As evidence of the duplicity, the professor notes that tapes made in the Oval Office include Johnson boasting about what he’d done to Warren Commission member Sen. Richard Russell and Warren relaying a similar version of the exchange on public television in the 1970s.
More To Come
The documents didn’t provide the trove of information historians and researchers expected as Thursday approached. Legislation passed by Congress and signed into law by President George H.W. Bush on Oct. 26, 1992, called for all assassination records to be released no more than 25 years from that date.

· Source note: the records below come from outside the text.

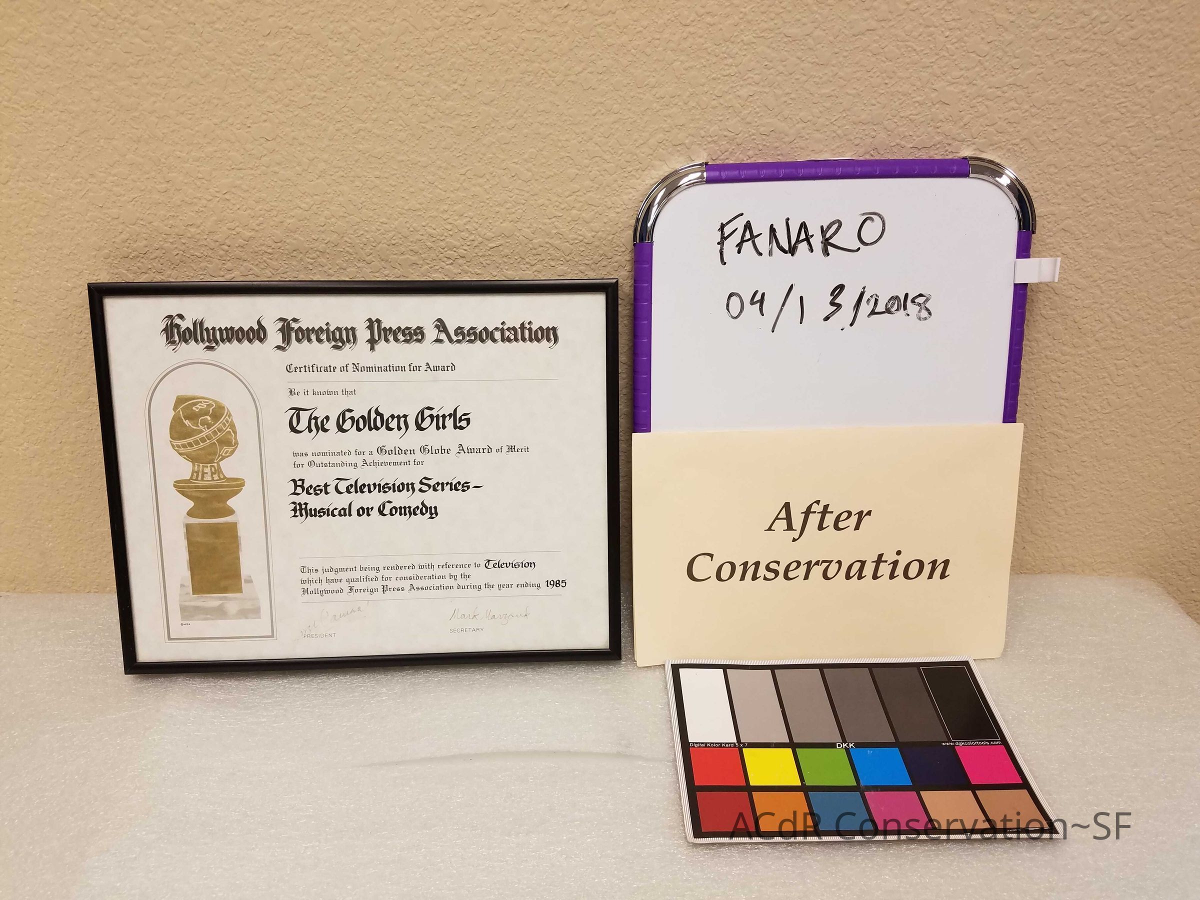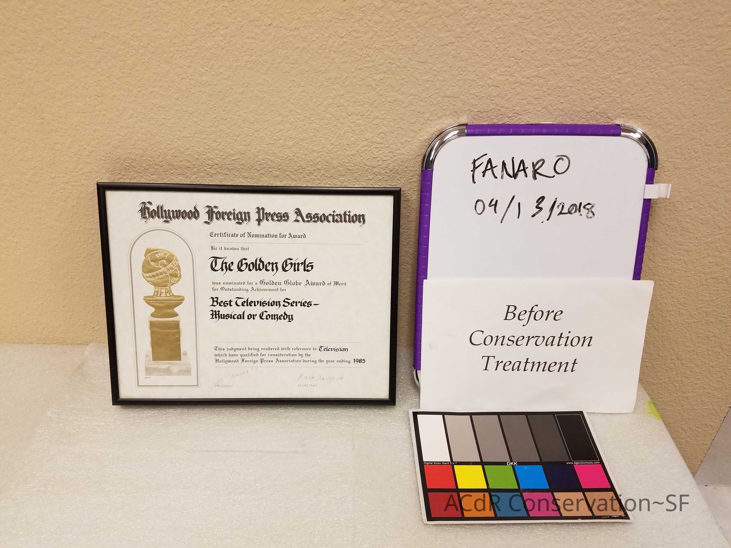 Project Gallery Go back Hollywood foreign press association Object/Artifact PDF Viewer Close × Profile Viewer Close × ConservationConservation PurposeDisaster RecoveryTreatmentAcute TreatmentGeneral CleaningDate(s)Apr 13, 2018
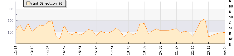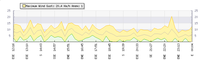 In the last few minutes the wind was East North East at an average speed of 8 kmh, reaching up to 13 kmh and a low of 3 kmh. The gust strength is10 kmh above the minimum speed |
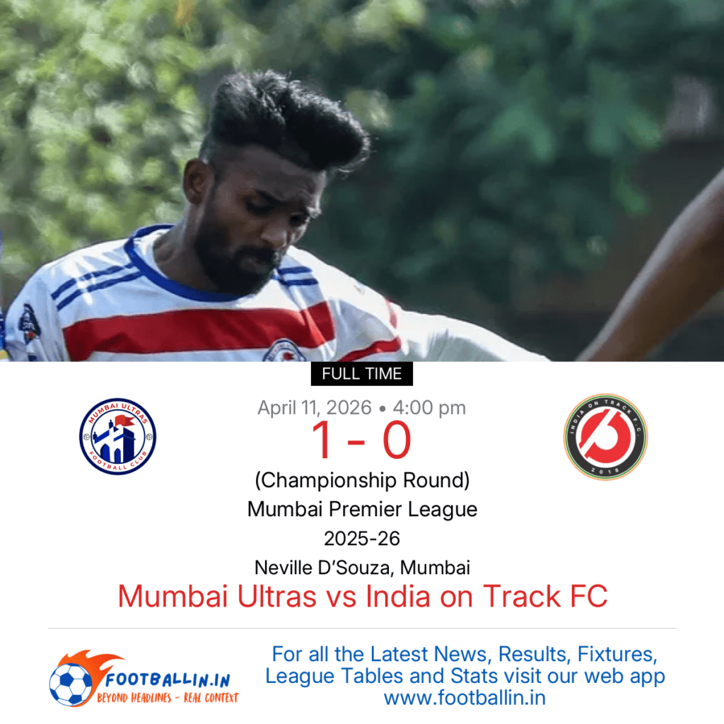 ⚽📊 League Table • Top Scorers • Statistics 📈⚽ Mumbai Ultras defeated India on Track FC 1-0 on Apr 11, 2026 in the Championship Round of the Mumbai Premier League at Neville D’Souza, Mumbai, in a tense encounter. Joyson Chettiar struck the decisive goal in the 52’, securing the win for Mumbai Ultras. #indianyouthfootball #indianfootball […]
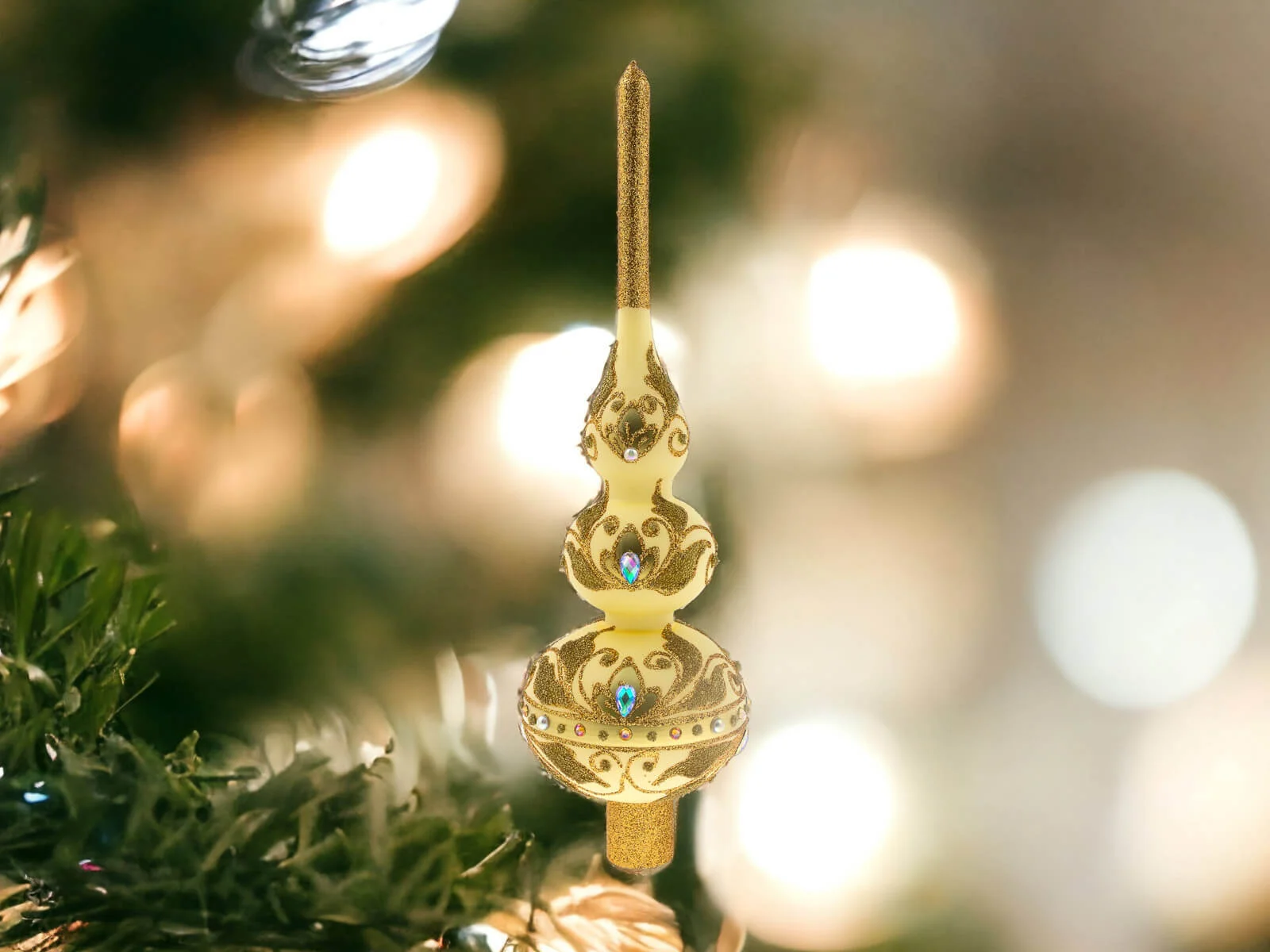 Duży szklany szpic choinkowy "Królewski" to arcydzieło ręcznej pracy, które wyróżnia się nie tylko sporym rozmiarem (32 cm wysokości) ale także niepowtarzalnym wzornictwem. Delikatny kolor wanilii nadaje mu elegancji, jednocześnie harmonijnie komponując się z różnymi stylami dekoracji świątecznych.

But last-minute appeals by the FBI and CIA prompted President Donald Trump to withhold some documents for six months. Newman said only about 6,000 pages were released, about 12 percent of the total expected.
Newman called the development “very disappointing” and said he’s “angry” with both agencies for waiting 25 years to request redactions in the documents. April 26 is the new expected release date.
“There’s no reason anybody in the government now would be withholding documents. That would be bad for democracy,” he said. “A law was passed. It needs to be complied with. If not, this sore will fester.
“It’s critical to get the documents out there and let people make up their own minds.”
Visit Dr. Newman’s website HERE.
Update on the Release of the FBI’s JFK Assassination Files
The FBI has authorized for release all previously withheld materials in its JFK assassination files. Currently, the limited redactions relate to individuals who provided information during the course of the investigation, and whose lives may be at risk if they are publicly identified. Every effort is being made to lift the remaining redactions going forward as those personal safety concerns are balanced with the goal of maximum transparency.
The National Archives will release all remaining records on a rolling basis in the coming weeks.